Um dos argumentos chaves em todas as licitações e documentos oficiais baseia-se na
incompetência do Estado enquanto administrador dos fundos públicos e das políticas sociais,
enquanto as empresas privadas são supervalorizadas no que tangem a sua eficiência, eficácia e
qualidade de serviços. Para justificar a privatização utilizam-se de instrumentos ideológicos e
44
buscam apropriar-se de modelos gerenciais do sistema privado para o sistema público,
desconsiderando que as lógicas são ou deveriam ser totalmente inversas (privado garantir
lucro/ público garantir direito).
A Constituição Federal de 1988 inscreveu a saúde como direito social de todo
brasileiro e dever do Estado, mas logo na década de 1990 o neoliberalismo atingiu o Brasil
com toda a sua força e começamos a assistir a diversas políticas de contra-reforma do Estado
que acabaram por intensificar a possibilidade de privatizarmos a saúde e desconstruirmos e/ou
deturparmos as conquistas da reforma sanitária. A entrada do Partido dos Trabalhadores no
governo federal, a incorporação de diversas personalidades da reforma sanitária, e sua forte
influência em governos estaduais (em especial no Rio de Janeiro) não alteraram o cenário,
mas o aprofundaram ainda mais.
Um grande desafio é concluir esse trabalho, tendo em vista que o processo de
privatização da saúde pública do Estado do Rio de Janeiro está em andamento e a cada dia
novos dados aparecem. O governo do Estado parece estar experimentando o “melhor modelo”
(para o capital), adotando práticas “novas” (fundações estatais) e resgatando as antigas
(pregões).
Estudar as formas de terceirização e precarização da força de trabalho em saúde e
visualizar como este processo contribui para a privatização se faz cada vez mais necessário
nesse contexto de caos nos sistemas de contratação, não há como os profissionais se
organizarem, pois não há como estabelecer relações dentro de unidades em que o vinculo
empregatício acontece de cinco maneiras diferentes e a rotatividade é gigantesca.
Os profissionais têm o foco da luta direcionado para as suas condições de trabalho,
vínculo etc.
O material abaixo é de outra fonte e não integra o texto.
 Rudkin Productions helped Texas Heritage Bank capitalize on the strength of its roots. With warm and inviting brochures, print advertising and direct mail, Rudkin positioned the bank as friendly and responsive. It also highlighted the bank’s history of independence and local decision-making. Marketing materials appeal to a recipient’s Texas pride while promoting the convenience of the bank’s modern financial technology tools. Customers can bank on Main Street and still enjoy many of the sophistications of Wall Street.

Os usuários, muitas vezes sem acesso a informação, lutam pelo serviço pontual e
vemos a judicialização da saúde cada vez mais freqüente.
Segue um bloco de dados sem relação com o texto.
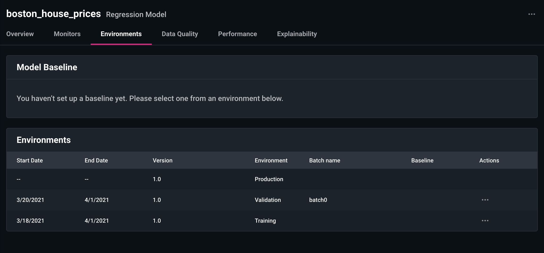 - All of a model’s environments are surfaced in the Model Page under the Environments tab

Como vimos, a legislação das fundações estatais do Estado do Rio de Janeiro
encontra-se aprovada desde 2007, tendo vindo para libertar o Estado tão sobrecarregado da
sua responsabilidade exaustiva de executar e produzir as políticas de saúde, podendo assim se
ocupar do que realmente importa (o que será?) e apenas ser o financiador, coordenador e
estimulador.
As fundações ainda não saíram do papel, mas para “não continuar cansado” demais o
Governo providenciou outros instrumentos de transferência de responsabilidade com a
execução e produção das políticas de saúde, que são as licitações via pregão para a
45
administração e gestão de diversas unidades e setores de hospitais, além contratar empresa
para contratar profissionais para as unidades estaduais etc.
Percebemos que atualmente temos duas frentes de privatização, as fundações estatais e
os contratos com pessoas jurídicas de direito privado para executarem diretamente a política
de saúde no Estado.
O processo de privatização possibilita que mais pessoas sejam empregadas por meio
de favores políticos, sem a necessidade de aprovação em concurso público. Profissionais mais
vulneráveis e submissos a vontade dos governantes, devido a falta de estabilidade. Ampliação
do número de profissionais, diminuição da qualidade e precarização do vinculo.
Quando analisamos a questão do financiamento é visível a possibilidade de uma
distribuição de renda ao contrário na medida em que o dinheiro que financia política de saúde
vem predominantemente dos impostos pagos pela classe trabalhadora e com a privatização a
classe capitalista acaba por receber um grande bolo desse dinheiro.
Uma grande vantagem apresentada pelos governantes acerca da privatização se
relacionam com a ampliação do número de atendimentos, redução do tempo de espera,
ampliação da oferta de exames e procedimentos de alta complexidade. Com sabemos na saúde
é a oferta que determina a demanda, sendo assim assistimos um aumento do gasto estatal e do
lucro privado, sem, contudo, existir real resolutividade nos problemas de saúde da população.